### REQUIRED ACTION
The records below are to be reproduced exactly, with the pictures left out.

Stored items:
★ ★ ★ ★

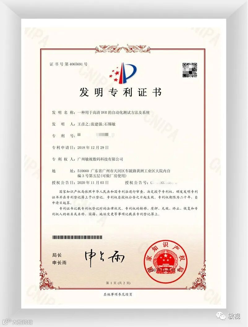 2020年11月3日,敏视荣获一项由国家知识产权局颁发的发明专利证书——《一种用于高清DVR的自动化测试方法及系统》。这是敏视首个获得的发明专利,实现了公司在发明专利上“零”的突破,这是敏视科技工作取得的又一重大突破,标志着敏视在技术创新和知识产权保护工作中迈出了重要一步,是公司强化科技创新,加强知识产权建设,重视研发团队建设、加大科研投入取得的创新成果。
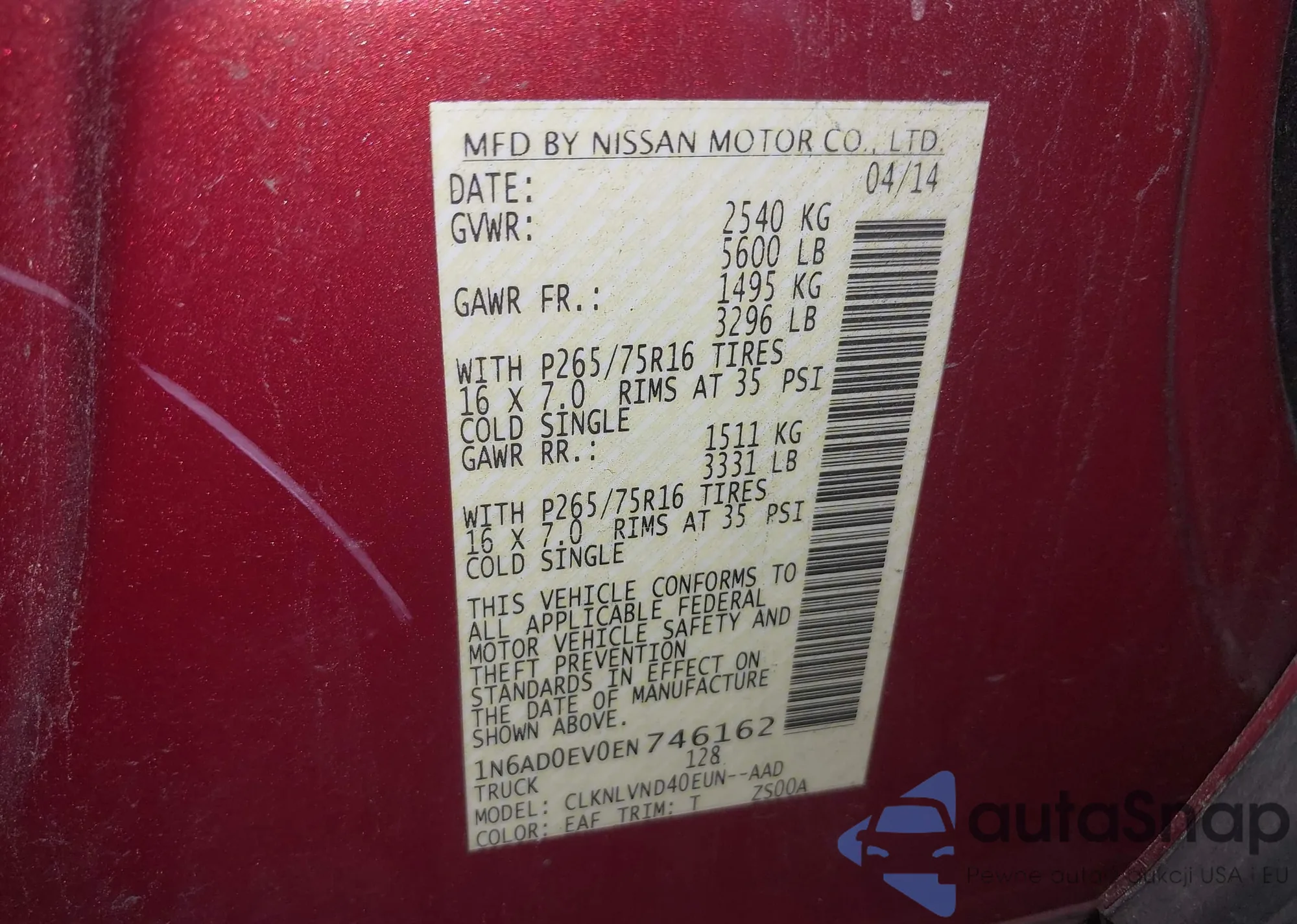 • VIN JN8AS5MT3DW000615
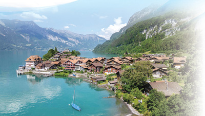 瑞士村莊伊瑟爾特瓦爾德位于阿爾卑斯山布里恩茨湖岸邊,風景如畫,村中自建房與周邊自然環境融為一體。
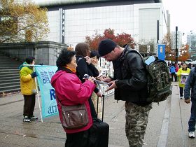 Les pratiquants de Falun Gong tenaient des bannières où ont pouvait lire « SVP aidez-nous à secourir nos parents » et « Arrêtez la persécution de Falun Gong. » Ils ont aussi montré des photos dépeignant les tortures utilisées pour abuser des pratiquants dans les lieux de détention en Chine. Plusieurs personnes étaient touchées et plusieurs sont venus pour signer la pétition aussitôt qu’ils ont vu que c’était un évènement de Falun Gong.
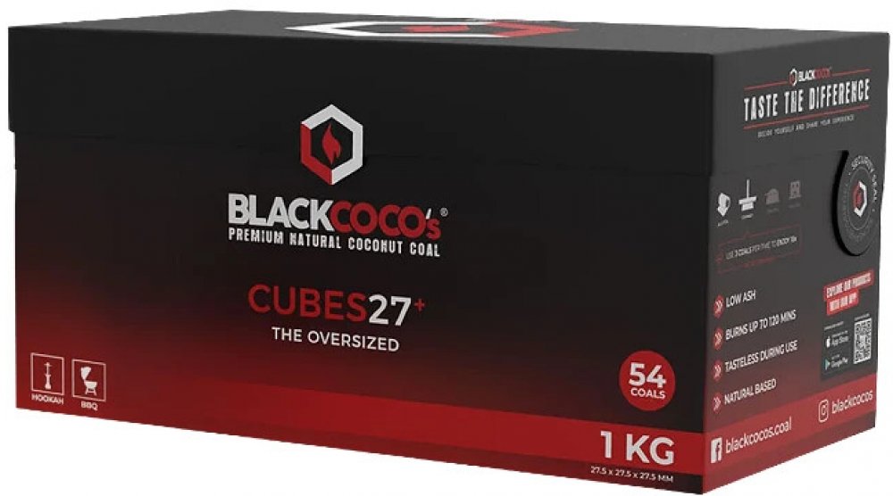 BLACKCOCO´s jsou jedny z nejznámějších kokosových uhlíků, ve verzi C27 jde o velmi velké kostky o hraně délky 27 mm.Balení obsahuje 54 ks extra velkých uhlíků pro vodní dýmky, které mají mimořádnou výhřevnost a vydrží hořet velmi dlouho.V balení kokosových briket není žádná uhelná drť a uhlíky jsou velmi pevné. Výhřevnost je mnohem vyšší než u dosavadních grilovacích uhlík...

★ ★ ★ ★

### ANSWER SECTION
 2020年11月3日,敏视荣获一项由国家知识产权局颁发的发明专利证书——《一种用于高清DVR的自动化测试方法及系统》。这是敏视首个获得的发明专利,实现了公司在发明专利上“零”的突破,这是敏视科技工作取得的又一重大突破,标志着敏视在技术创新和知识产权保护工作中迈出了重要一步,是公司强化科技创新,加强知识产权建设,重视研发团队建设、加大科研投入取得的创新成果。
 • VIN JN8AS5MT3DW000615
 瑞士村莊伊瑟爾特瓦爾德位于阿爾卑斯山布里恩茨湖岸邊,風景如畫,村中自建房與周邊自然環境融為一體。
 Les pratiquants de Falun Gong tenaient des bannières où ont pouvait lire « SVP aidez-nous à secourir nos parents » et « Arrêtez la persécution de Falun Gong. » Ils ont aussi montré des photos dépeignant les tortures utilisées pour abuser des pratiquants dans les lieux de détention en Chine. Plusieurs personnes étaient touchées et plusieurs sont venus pour signer la pétition aussitôt qu’ils ont vu que c’était un évènement de Falun Gong.
 BLACKCOCO´s jsou jedny z nejznámějších kokosových uhlíků, ve verzi C27 jde o velmi velké kostky o hraně délky 27 mm.Balení obsahuje 54 ks extra velkých uhlíků pro vodní dýmky, které mají mimořádnou výhřevnost a vydrží hořet velmi dlouho.V balení kokosových briket není žádná uhelná drť a uhlíky jsou velmi pevné. Výhřevnost je mnohem vyšší než u dosavadních grilovacích uhlík...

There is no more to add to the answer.